The same way a school can not succeed with infighting and attention brought upon personal differences, neither can a vital weekly online chat. People will inevitably grow tired of the incessant ridiculousness, stop believing in the value of the bigger picture, and say “See ya.” I would venture that no one involved in the hashtag/chat wants to get to that point, but I’d be lying if I said I haven’t thought about it myself.

An analogy: say you have a disagreement with your colleague at work. Are you going to stand in the middle of a packed staffroom and yell at each other? Or are you going to agree on the spot to disagree and then return to your discussion away from the prying eyes and ears of others? When these things happen in public, they become fodder for idle talk, and in the case of this hashtag/chat, that is exactly what is happening. Passionate, caring people – no doubt with good intentions – are allowing themselves to be dragged into petty lunacy that is changing peoples’ perceptions of them. Of course, that is their choice, but let’s never forget that perception is indeed reality.

So, here, I’ll make an open call to everyone. When you are on Twitter, please project yourself the way you would in your workplace. You are a professional and you are an adult. Save your issues with others for the privacy of e-mails or direct messages, because most of us don’t care enough to have our experiences tarnished. I take no sides on these issues because they are not mine to consider, and quite frankly, I have more important things to occupy my time.
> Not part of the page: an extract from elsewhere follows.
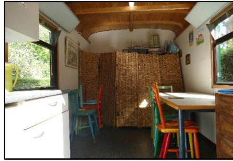
Ruimten in de hoeve en in de Pipowagen

I’m not suggesting we all be friends. I am suggesting, however, that we all be civil. And if you can’t be civil, at least spare the rest of us the drama. There are too many people out here who care too much about what matters to be involved in the insignificant squabbles of others.

I submit this respectfully, knowing that Twitter educators are a passionate bunch. I also submit it knowing that some will agree with me and some will disagree. I’m not too concerned. I am most worried about the direction we are going and how to set ourselves back on a positive, productive course.

I am simply asking that you stop the nonsense and allow the rest of us to move forward. You are doing yourselves no favors, you are upsetting other people, and you are harming our hashtag/chat’s credibility. This shouldn’t be about you. It should be about all of us. Do the right thing so we can all move on.


8 responses to “To Be Frank, I’m Fed Up

  1. Very well said, thanks for taking the time.

  2. Excellent – thanks for putting it out there with solutions, rather than attacks!

  3. Thanks for this and I really do hope things improve. One thing in particular that has disappointed me deeply is, instead of acknowledging this is simply two egos clashing, the individuals involved use language that make it appear to be a parent/teacher conflict.

  4. Very well said. The recents events aside, I have found that the people on twitter in the special ed community (parents and professionals) to be one of the nicest and most accepting group of people that I have ever encountered.

    I am hopeful that the people involved will learn from their mistakes becuase in the past I have enjoyed interacting with both of them.

  5. i agree with what you have stated: there’s a place and a time for bickering, and on line is not one of them. nor is it professional. people who use resources responsibly can disagree and back up their argument; just arguing gets nowhere. I’m glad you’ve shared this, and i fully support you!

  6. Thanks, everyone. Let’s move on and do great things together.

  7. I just had time to search out this post and read…spoken like a true professional! Thanks for posting and I look forward to everyone moving on and creating the supportive, collaborative network that we all enjoy being a part of!